A couple years ago I helped my friends Kjell and Kim get started gardening in their back yard in Northeast Portland. They were enthusiastic and had a great first year, but life intervened the next season and it got away from them. Surveying the jungle this spring, Kjell had the idea of getting friends together to get the garden up and running again and making it an excuse to come together for a meal every week or so. Thus the garden would get the attention it deserved and we could spend time together regularly… Mallory Farm was born.


Every Monday night this season we’ve planted, weeded, watered and harvested with a rotating group of families and neighbors. The garden has undergone an amazing transformation, lots of new skills have been learned by doing and many great meals (spearheaded by Kim, thank you!) have been eaten at the picnic table. We’ve pickled beets, dried tomatoes and had cocktails made with garden produce. The season will start to wind down soon but the garden is getting prepared for winter with cold weather crops like cabbage, kale and brussels sprouts. We’re planting mustard greens, cilantro, spinach and fall lettuce varieties. Maybe in the next few weeks we’ll make some simple cloches for greens.

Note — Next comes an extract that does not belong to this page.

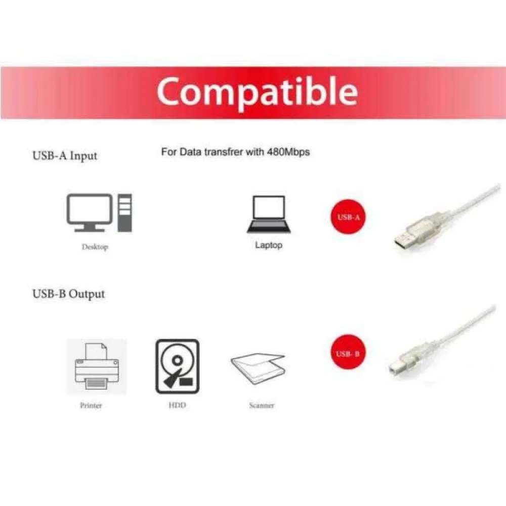 De equip USB type A male naar type B male kabel is van hoge kwaliteit met dubbele afscherming om te helpen bij het leveren van ultrasnelle en foutloze datatransmissies voor topprestaties. Simpelweg plug-and-play om een computer (PC/Mac) of USB-hub aan te sluiten op een printer, scanner, multifunctionele printer (MFP) of andere USB-randapparatuur om een volledige high-speed overdrachtssnelheid van maximaal 480 Mbps te bereiken.

There has been fine tuning along the way, as there always is with organic processes like building community and growing vegetables. We’re created a little more structure (rsvp, please!), jimmied with the drip irrigation, called a few crops a loss and tried a lot of new recipes.


We’re had some unexpected successes too, like an excellent carrot patch and a bumper crop of large heirloom tomatoes (it’s a pretty rare year in Portland when that happens!) The French pumpkin start I impulsively purchased in June has become a monster vine with several huge, gorgeous fruits ripening on it.

Over the course of the last few months the little kids involved have participated in all sorts of ways, tasting, weeding, planting. Last night my toddler used a little clipper for the first time to help cut down the mint patch. It was a little nerve wracking for me but he was so proud of himself. We garden at home most days but there is something special about gardening with friends. Sometimes I get caught up in the list of things to do and making sure everyone has a job. The kids help me remember to enjoy the process.IMG_4744.JPG

Tbird made bloody marys with tomato juice and pickled beets from the garden.

The kids planting garlic and checking the pumpkins.